Sebelumnya, pada 10 April 2025, Menteri PKP, Menaker, dengan Kepala BPS Amalia Adininggar Widyasanti menandatangani Nota Kesepahaman tentang Dukungan Perumahan Subsidi untuk Pekerja/Buruh. Saat itu, kuota awal ditetapkan 20 ribu unit untuk buruh atau pekerja di berbagai wilayah Indonesia.

Menaker menambahkan, program rumah subsidi ini merupakan bentuk perhatian Presiden RI kepada buruh dan tenaga kerja. Program ini juga berjalan karena kerja sama lintas kementerian.

“Artinya kebijakan Presiden Prabowo Menaikan kuota rumah subsidi dari sebelumnya 220 ribu terbesar sepanjang sejarah Indonesia menjadi 350 ribu tepat,” ujarnya.

Realisasi Penyaluran Rumah Subsidi

Badan Pengelola Tabungan Perumahan Rakyat (BP Tapera) mencatat realisasi penyaluran Fasilitas Likuiditas Pembiayaan Perumahan (FLPP) atau rumah subsidi per 14 Agustus 2025 telah mencapai 153.599 unit.

“Dari 1 Januari hingga hari ini 14 Agustus 2025, realisasi KPR FLPP yang sudah ditempati dan tersalurkan dari BP Tapera ke bank penyalur mencapai 153.599 unit,” ujar Komisioner BP Tapera Heru Pudyo Nugroho.

Dirinya juga menambahkan, jika menghitung unit rumah subsidi yang masih dalam proses pembangunan sampai dengan penyaluran, total penyaluran mencapai 196.307 unit. Ia optimistis dalam dua bulan ke depan seluruh unit tersebut rampung dibangun dan siap akad.

 

 

Akad 25 Ribu Unit

Di kesempatan yang sama, Menteri Perumahan dan Kawasan Permukiman (PKP), Maruarar Sirait mengungkapkan pemerintah menargetkan peluncuran atau akad 25 ribu unit rumah subsidi pada September 2025.

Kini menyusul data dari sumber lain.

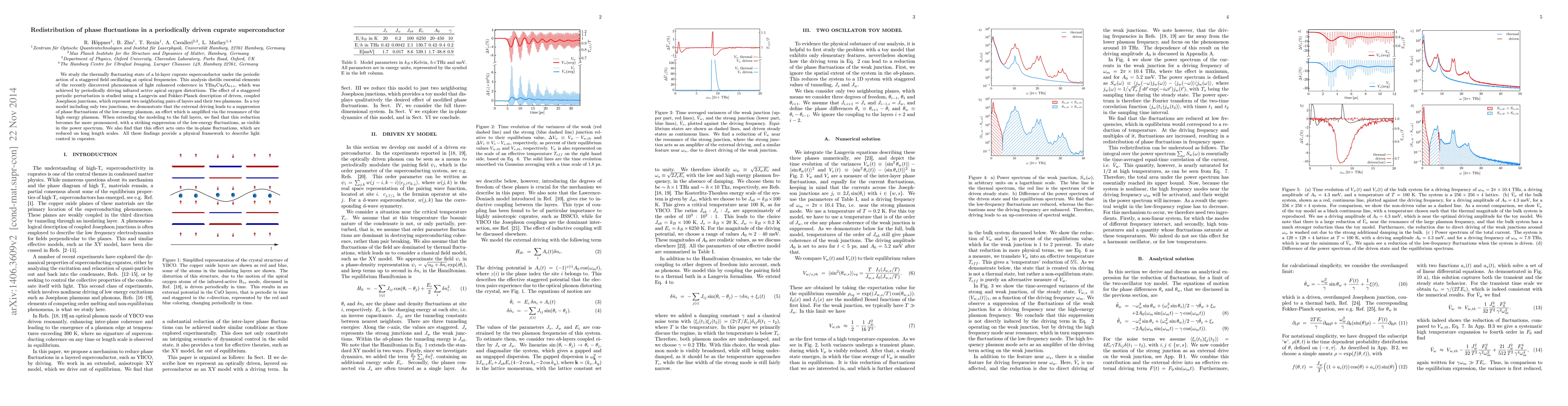 We study the thermally fluctuating state of a bi-layer cuprate superconductor under the periodic action of a staggered field oscillating at optical frequencies. This analysis distills essential elements of the recently discovered phenomenon of light enhanced coherence in YBa$_2$Cu$_3$O$_{6+x}$, which was achieved by periodically driving infrared active apical oxygen distortions. The effect of a staggered periodic perturbation is studied using a Langevin and Fokker-Planck description of driven, coupled Josephson junctions, which represent two neighboring pairs of layers and their two plasmons. In a toy model including only two junctions, we demonstrate that the external driving leads to a suppression of phase fluctuations of the low-energy plasmon, an effect which is amplified via the resonance of the high energy plasmon. When extending the modeling to the full layers, we find that this reduction becomes far more pronounced, with a striking suppression of the low-energy fluctuations, as visible in the power spectrum. We also find that this effect acts onto the in-plane fluctuations, which are reduced on long length scales. All these findings provide a physical framework to describe light control in cuprates.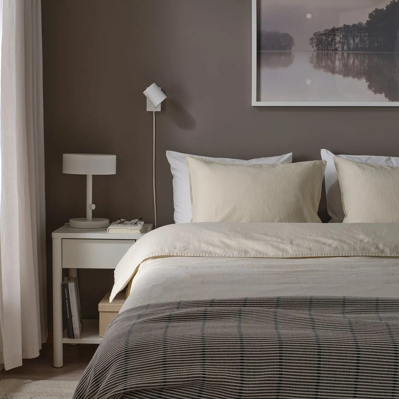 Комплект постельного белья Ikea Rundhagtorn изготовлен из смеси прочного льна и удобного хлопка, который дышит и впитывает влагу, а ткань становится мягче с каждой стиркой.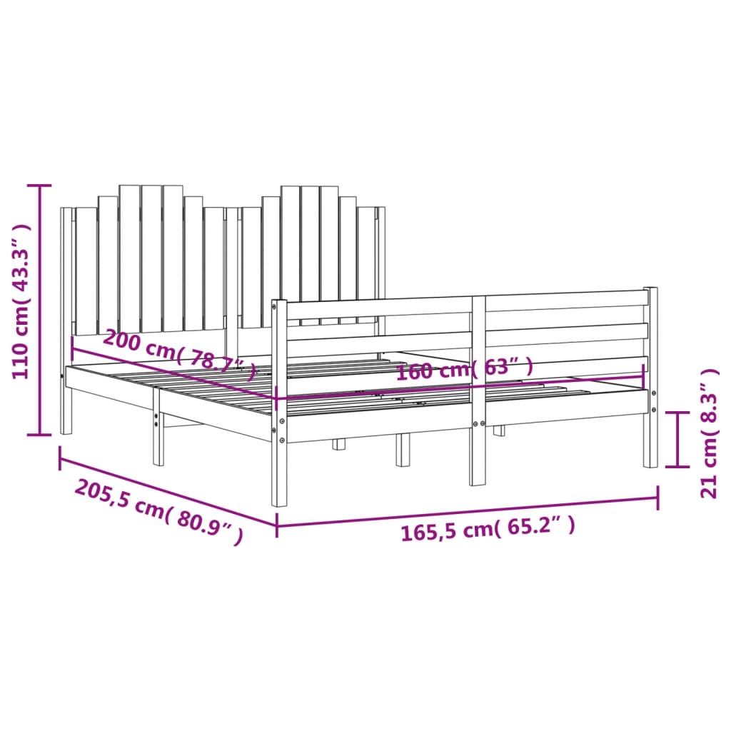 Giroletto con Testiera Nero 160x200 cm Legno Massello 3194195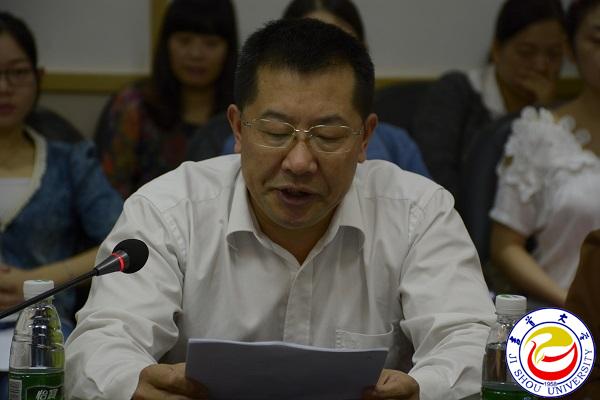 图为研究生处处长佘佐辰宣读聘任文件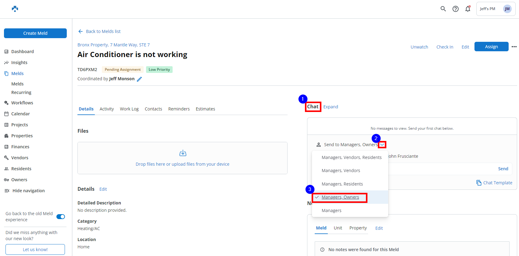 Property managers can communicate directly with owners on a Meld using the Property Meld chat feature. When a property manager uses the chat feature to send directly or include the owner in a message, the owner will receive an email notification, a notification within Owner Hub , and/ or a text message.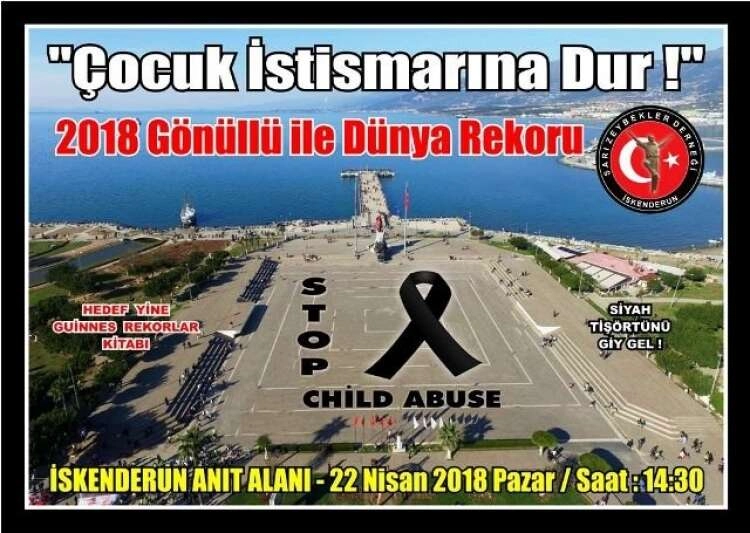 22 Nisan 2018 Pazar günü saat 14:30'da 2018 gönüllü ile İskenderun Anıt Alanı'na siyah renkli dev bir kurdela ve "STOP CHİL ABUSE" yani "Çocuklara Dokunma" yazısını kareografi olarak yazarak yeni bir dünya rekoru kırmayı amaçlıyor. Dünya rekoru ile ilgili bir açıklama yapan Sarı Zeybekler Dernek Başkanı Nevzat Kurt, " Çocuk istismarı ve ihmali, gerçek boyutları iyi bilinmeyen, çok ciddi toplumsal bir sorun olmanın yanısıra yol açtığı bedensel, zihinsel ve psikolojik bozukluklar ile bireylerde yaşam boyu iş gücü yitimi, uzun süreli ve yineleyici tetkik ve tedaviler nedeniyle topluma önemli ekonomik yük getirdiğinin" altını çizerek şunları söyledi : "Çocuk istismarı ve ihmaline ilişkin farkındalık ve önlenmesine yönelik çabalara verilen önem, toplumun uygarlık düzeyinin göstergesi olarak kabul edilmelidir. Mevcut sistemde istismara uğrayan-ihmal edilen çocukların tanı, tedavi, bildirim, izlem ve adli işlemlerinden oluşan süreç, çocuğu, yaşadıklarını uygunsuz koşullarda defalarca dile getirmeye zorlamakta ve uğradığı travmayı şiddetlendirmektedir. Bu nedenle sözkonusu istismara uğrayan çocuğun topluma sağlıklı bir şekilde yeniden kazandırılması için her vatandaşın üzerine düşen görevi layıkıyla yapması bir zorunluluktur. Biz de Sarı Zeybekler Derneği olarak 23 Nisan etkinlikleri kapsamında, 22 Nisan 2018 Pazar günü saat 14:30'da 2018 gönüllü ile İskenderun Anıt Alanı'na siyah renkli dev bir kurdela ve "STOP CHİL ABUSE" yani "Çocuklara Dokunma" yazısını kareografi olarak yazarak yeni bir dünya rekoru kırmayı ve yine Guinness Rekorlar Kitabı'na girmeyi amaçlıyoruz. Tamamen ücretsiz olacak dünya rekoru denemesine katılmak isteyen vatandaşların siyah tişört ile gelmeleri mecburidir. Bu konuya duyarlı olan herkesi özellikle çocukları ile birlikte rekor günü İskenderun Anıt Alanı'na bekliyor, hep birlikte İskenderun'dan bütün dünyaya "Çocuklara Dokunma" mesajını vermeye davet ediyoruz. Etkinliğimize ön kayıt yaptırmak isteyenler adını, soyadını ve telefon numaralarını 2018dunyarekoru@gmail.com adresine mail atmaları yeterli olacaktır."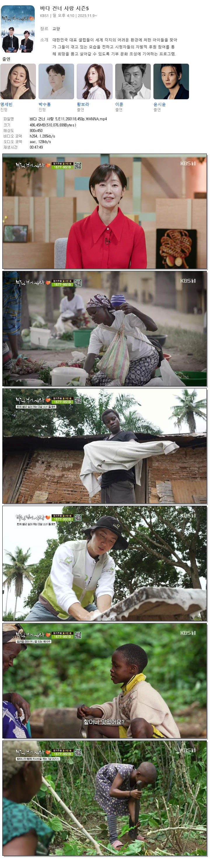 | [KBS1] 바다 건너 사랑 5.E11.260118.450p.WANNA.mp4 | 486.4 M | 00:47:49 | 800x450 |
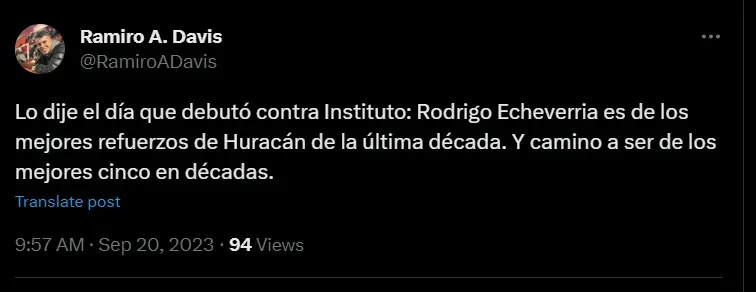 Es más, un periodista y productor de radio Del Plata llenó de alabanzas al polifuncional jugador surgido de Universidad de Chile. “Lo dije el día que debutó contra Instituto: Rodrigo Echeverria es de los mejores refuerzos de Huracán de la última década”, afirmó Ramiro Davis.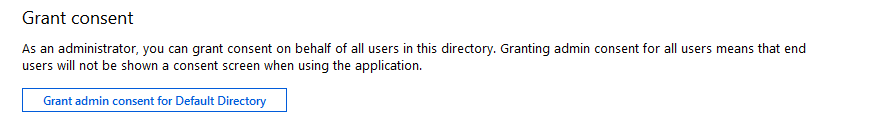 [Azure Global Administrator rights for the Default Directory are required for this step.] Grant admin consent for the Default Directory for the requested permissions.
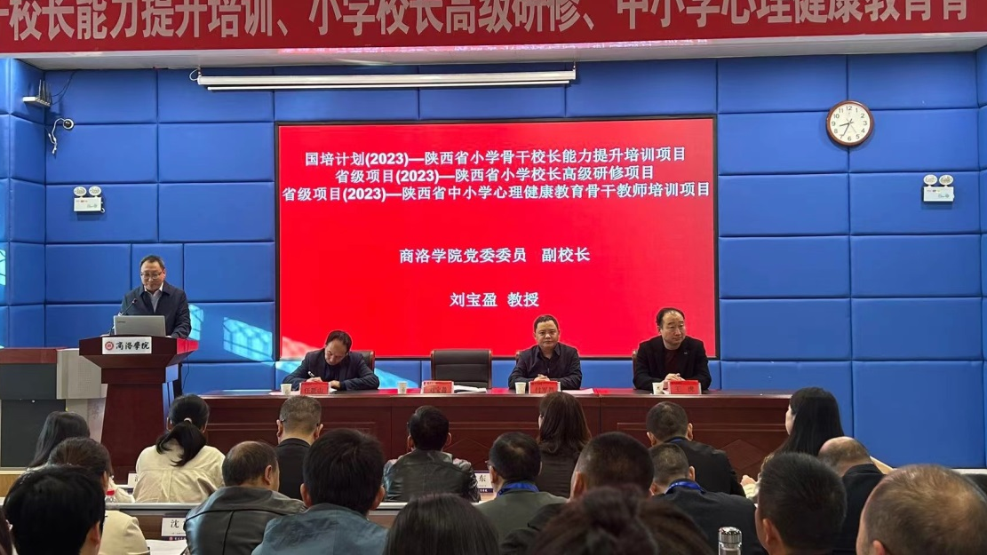 10月31日,國(guó)培計(jì)劃(2023)-陜西省小學(xué)骨干校長(zhǎng)能力提升培訓(xùn)項(xiàng)目,省培項(xiàng)目(2023)-陜西省小學(xué)校長(zhǎng)高級(jí)研修項(xiàng)目、陜西省中小學(xué)心理健康骨干教師培訓(xùn)項(xiàng)目開班典禮在我校舉行。副校長(zhǎng)劉寶盈教授出席開班典禮并講話。繼續(xù)教育學(xué)院院長(zhǎng)付軍昌,來(lái)自全省各地市近二百名小學(xué)校長(zhǎng)和中小學(xué)心理健康骨干教師參加了開班典禮。開班典禮由繼續(xù)教育學(xué)院副院長(zhǎng)任新山主持。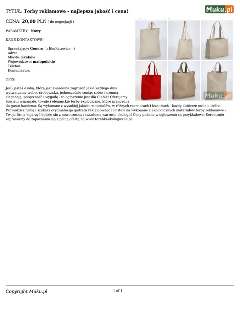 Copyright Muku.pl TYTUŁ: Torby reklamowe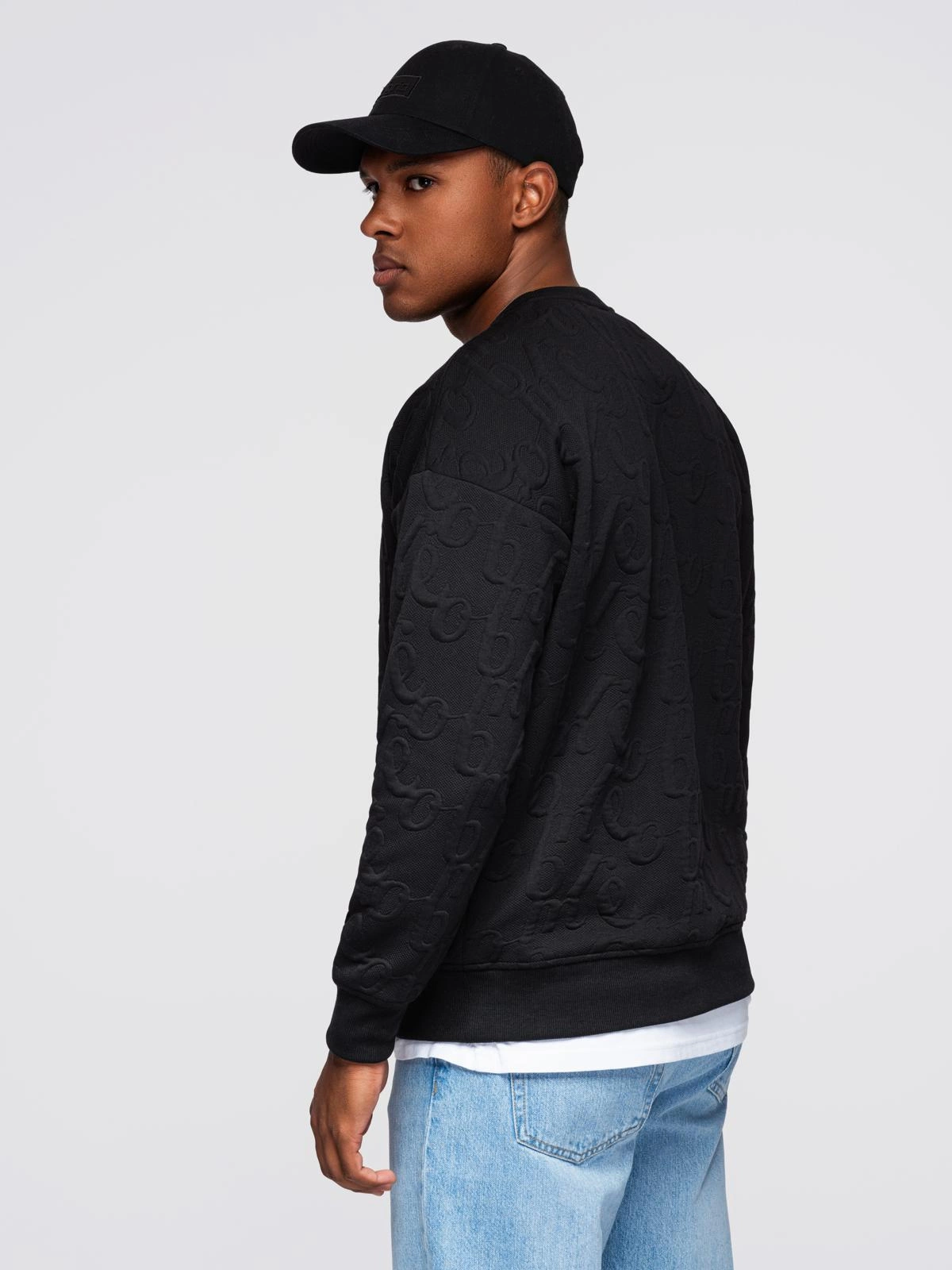 Pánska mikina RELAXED FIT s vyrazeným nápisom - čierna V1 OM-SSNZ-0164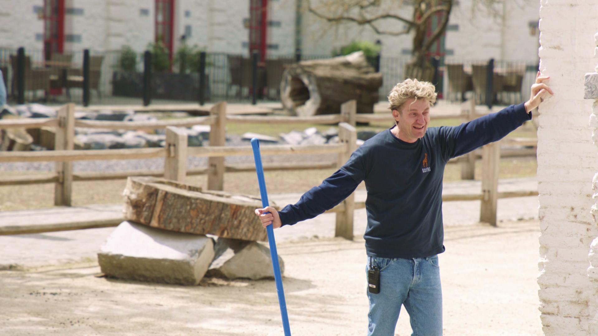 Na hun eerste stop in Koekelare, waar ze zich helemaal hebben kunnen uitleven als gemeentewerkers, rijden Jani en James naar Pairi Daiza. Daar zullen ze de komende dagen het park draaiende moeten houden. Maar op weg naar het dierenpark hebben ze vooral één grote bezorgdheid: "We gaan de hele tijd stront moeten scheppen." En al snel blijkt dat ze niet helemaal ongelijk hebben. Na het voederen van de zeeleeuwen worden ze gevraagd om bij de geiten te helpen. Ze krijgen een borstel, een kruiwagen en een bladblazer en zien de bui al hangen. "Ik voel de kak tot in mijn ogen, ik zie niks meer", klaagt Jani tegen James, die de keutels al dan niet onbedoeld zijn kant op blaast. En dan steekt er plots een vervelende dierenallergie op: "Je bent allergisch aan dieren en je zit in Pairi Daiza" lacht James, terwijl een niezende Jani het gevoel heeft dat zijn keel opzwelt.

“Dan bulan depan kami akan membuat di hari yang sama, bulan September pertama kali 25 ribu rumah akan diluncurkan. 25 ribu? akad ya? akad 25 ribu (unit). Kemudian, itu bulan Desember 50 ribu, dan mayoritas itu adalah tenaga kerja buruh Indonesia,” ungkapnya.